**Data extract:**

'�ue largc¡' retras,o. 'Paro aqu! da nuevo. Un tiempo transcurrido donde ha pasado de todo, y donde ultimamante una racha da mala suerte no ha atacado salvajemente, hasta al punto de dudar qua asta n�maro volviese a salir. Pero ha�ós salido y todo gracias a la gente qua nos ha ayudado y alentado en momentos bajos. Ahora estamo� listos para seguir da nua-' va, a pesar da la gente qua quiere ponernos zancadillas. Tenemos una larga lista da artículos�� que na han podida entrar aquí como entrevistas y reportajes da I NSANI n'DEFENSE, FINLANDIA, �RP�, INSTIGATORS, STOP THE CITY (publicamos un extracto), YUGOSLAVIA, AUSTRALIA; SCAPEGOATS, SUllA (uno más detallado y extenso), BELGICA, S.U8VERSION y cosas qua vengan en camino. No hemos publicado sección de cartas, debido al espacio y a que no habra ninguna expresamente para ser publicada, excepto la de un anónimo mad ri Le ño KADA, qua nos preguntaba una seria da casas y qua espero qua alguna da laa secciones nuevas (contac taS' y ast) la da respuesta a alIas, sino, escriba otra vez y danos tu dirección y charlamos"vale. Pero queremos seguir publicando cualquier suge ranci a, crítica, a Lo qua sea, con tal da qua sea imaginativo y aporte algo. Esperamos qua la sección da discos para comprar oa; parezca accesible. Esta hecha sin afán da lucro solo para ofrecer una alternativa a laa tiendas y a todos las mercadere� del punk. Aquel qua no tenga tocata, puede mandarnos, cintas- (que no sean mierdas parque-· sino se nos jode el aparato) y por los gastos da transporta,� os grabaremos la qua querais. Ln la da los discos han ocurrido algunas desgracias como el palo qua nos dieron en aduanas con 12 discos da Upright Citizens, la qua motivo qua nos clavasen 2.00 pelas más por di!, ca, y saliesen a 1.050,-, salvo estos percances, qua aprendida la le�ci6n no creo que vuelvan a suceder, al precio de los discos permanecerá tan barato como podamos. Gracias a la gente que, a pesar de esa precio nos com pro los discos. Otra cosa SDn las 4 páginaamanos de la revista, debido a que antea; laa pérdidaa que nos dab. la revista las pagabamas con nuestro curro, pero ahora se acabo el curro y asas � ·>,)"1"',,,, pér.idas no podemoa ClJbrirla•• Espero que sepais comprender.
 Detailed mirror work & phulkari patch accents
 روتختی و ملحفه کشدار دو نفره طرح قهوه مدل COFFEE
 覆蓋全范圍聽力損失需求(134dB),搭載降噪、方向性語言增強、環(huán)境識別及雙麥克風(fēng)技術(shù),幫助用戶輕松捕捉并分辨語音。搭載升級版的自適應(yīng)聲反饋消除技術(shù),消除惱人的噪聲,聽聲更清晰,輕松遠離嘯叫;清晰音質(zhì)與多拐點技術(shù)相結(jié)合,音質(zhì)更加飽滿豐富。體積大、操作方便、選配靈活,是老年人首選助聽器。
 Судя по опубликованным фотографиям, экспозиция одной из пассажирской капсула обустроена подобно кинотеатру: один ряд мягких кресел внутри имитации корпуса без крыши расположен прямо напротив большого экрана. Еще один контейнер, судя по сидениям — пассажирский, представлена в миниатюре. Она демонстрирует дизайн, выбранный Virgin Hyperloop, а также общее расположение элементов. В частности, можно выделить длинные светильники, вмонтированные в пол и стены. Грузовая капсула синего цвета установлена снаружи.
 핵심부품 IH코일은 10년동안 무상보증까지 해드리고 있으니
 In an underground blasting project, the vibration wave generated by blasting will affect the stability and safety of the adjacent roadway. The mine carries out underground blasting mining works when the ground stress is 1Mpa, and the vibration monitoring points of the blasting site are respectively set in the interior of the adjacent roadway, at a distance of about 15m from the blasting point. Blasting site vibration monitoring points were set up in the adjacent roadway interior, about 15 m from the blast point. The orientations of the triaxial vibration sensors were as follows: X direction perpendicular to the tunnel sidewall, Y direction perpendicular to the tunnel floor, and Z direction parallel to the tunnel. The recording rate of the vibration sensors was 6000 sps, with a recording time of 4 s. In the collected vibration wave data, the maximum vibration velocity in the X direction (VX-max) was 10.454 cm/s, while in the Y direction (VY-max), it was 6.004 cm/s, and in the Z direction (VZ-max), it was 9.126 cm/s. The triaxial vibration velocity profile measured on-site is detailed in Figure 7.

**What is expected:** Beginning with the line in which "روتختی و ملحفه" appears, print each remaining line of the listing exactly, the last line included.

**Task output:**
 روتختی و ملحفه کشدار دو نفره طرح قهوه مدل COFFEE
 覆蓋全范圍聽力損失需求(134dB),搭載降噪、方向性語言增強、環(huán)境識別及雙麥克風(fēng)技術(shù),幫助用戶輕松捕捉并分辨語音。搭載升級版的自適應(yīng)聲反饋消除技術(shù),消除惱人的噪聲,聽聲更清晰,輕松遠離嘯叫;清晰音質(zhì)與多拐點技術(shù)相結(jié)合,音質(zhì)更加飽滿豐富。體積大、操作方便、選配靈活,是老年人首選助聽器。
 Судя по опубликованным фотографиям, экспозиция одной из пассажирской капсула обустроена подобно кинотеатру: один ряд мягких кресел внутри имитации корпуса без крыши расположен прямо напротив большого экрана. Еще один контейнер, судя по сидениям — пассажирский, представлена в миниатюре. Она демонстрирует дизайн, выбранный Virgin Hyperloop, а также общее расположение элементов. В частности, можно выделить длинные светильники, вмонтированные в пол и стены. Грузовая капсула синего цвета установлена снаружи.
 핵심부품 IH코일은 10년동안 무상보증까지 해드리고 있으니
 In an underground blasting project, the vibration wave generated by blasting will affect the stability and safety of the adjacent roadway. The mine carries out underground blasting mining works when the ground stress is 1Mpa, and the vibration monitoring points of the blasting site are respectively set in the interior of the adjacent roadway, at a distance of about 15m from the blasting point. Blasting site vibration monitoring points were set up in the adjacent roadway interior, about 15 m from the blast point. The orientations of the triaxial vibration sensors were as follows: X direction perpendicular to the tunnel sidewall, Y direction perpendicular to the tunnel floor, and Z direction parallel to the tunnel. The recording rate of the vibration sensors was 6000 sps, with a recording time of 4 s. In the collected vibration wave data, the maximum vibration velocity in the X direction (VX-max) was 10.454 cm/s, while in the Y direction (VY-max), it was 6.004 cm/s, and in the Z direction (VZ-max), it was 9.126 cm/s. The triaxial vibration velocity profile measured on-site is detailed in Figure 7.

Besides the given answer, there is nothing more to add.